- Laker Review
- The Lighthouse
A new policy from Oswego State requires all Greek Life organizations to purchase $1 million liability insurance by the fall semester.
A letter sent to members of Greek Life on April 18 states that the university reviewed its “registration and risk management policies for student organizations” and found that they would require the fraternities and sororities to prove they have attained a Fraternal Information and Programming Group liability insurance, which also names the college as an additional insured.
The letter was signed by Vice President for Student Affairs and Enrollment Management Jerald Woolfolk, who said that the policy change is not something new for universities. She said that because it was a policy decision, no members of Greek organizations were brought in to discuss the decision.
“A few years back there was a conversation at SUNY that campuses should consider requiring Greek Letter organizations to get liability insurance,” Woolfolk said. “Some SUNY campuses decided that they would make all of their Greek Life orgs to get it, some decided that new orgs that came to campus would need to get it… SUNY Oswego, from my understanding from people who have been here long before me, decided that what we would do is require any new local Greek organizations, if they were new, to have a $1 million insurance and the Greek organizations that were already registered, they would be grandfathered in.”
With the new policy, organizations must show proof that they have liability insurance when they register each year. All recognized organizations of Greek Life must register before the fall semester each year through LakerLife.
Organizations that are part of larger national networks already have this type of insurance.
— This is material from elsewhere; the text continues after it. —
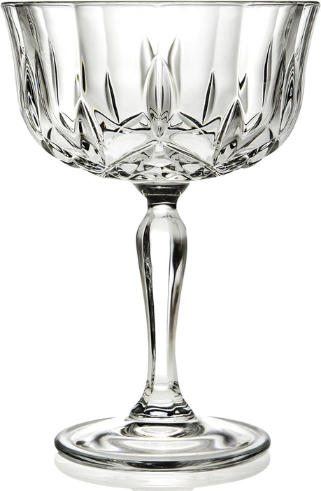Modern mixologists have reimagined the classic champagne coupe as a vessel to present visually stunning and refined cocktails. The Opera coupe features a decorated bowl design, bringing attention to the cocktail within.

Denvol Haye, president of Delta Kappa Kappa, said that before the policy change, organizations were grandfathered in, so if for any reason they lost their recognition status with the university they would need to show proof of liability insurance when reapplying.
According to a representative from James R. Favor and Company, based in Aurora, C.O. the cost for the policies required under the new rule range based on a number of variables. The insurance company provides a variety of policies, which include the liability insurance for fraternities and sororities. They said that policies could range from $1,000 to $30,000 to upwards of $100,000.
Jaimie Kaplan is the current president of Alpha Delta Eta, a local sorority, which she said will be impacted by this policy. She said that the policy change was sprung upon the local organizations at an inconvenient time.
“I was just upset because my sorority has been around for 90 years and we’ve never had to worry about something like this,” Kaplan said. She said that the policies for her sorority could range from $5,000 to $7,000, or even more, per year. Kaplan said that ADH is fortunate enough to have a strong alumni network, which is helping them through this process.
“I thought it was kind of sprung on us at the last minute,” Kaplan said. “It’s the end of the semester, everyone is busy and it would be nice to know at the beginning of the semester this is what your goal needs to be by August so the entire semester we could have worked on it and fundraised, at least some sort of other effort, but now we’re scrambling by August to figure something out.”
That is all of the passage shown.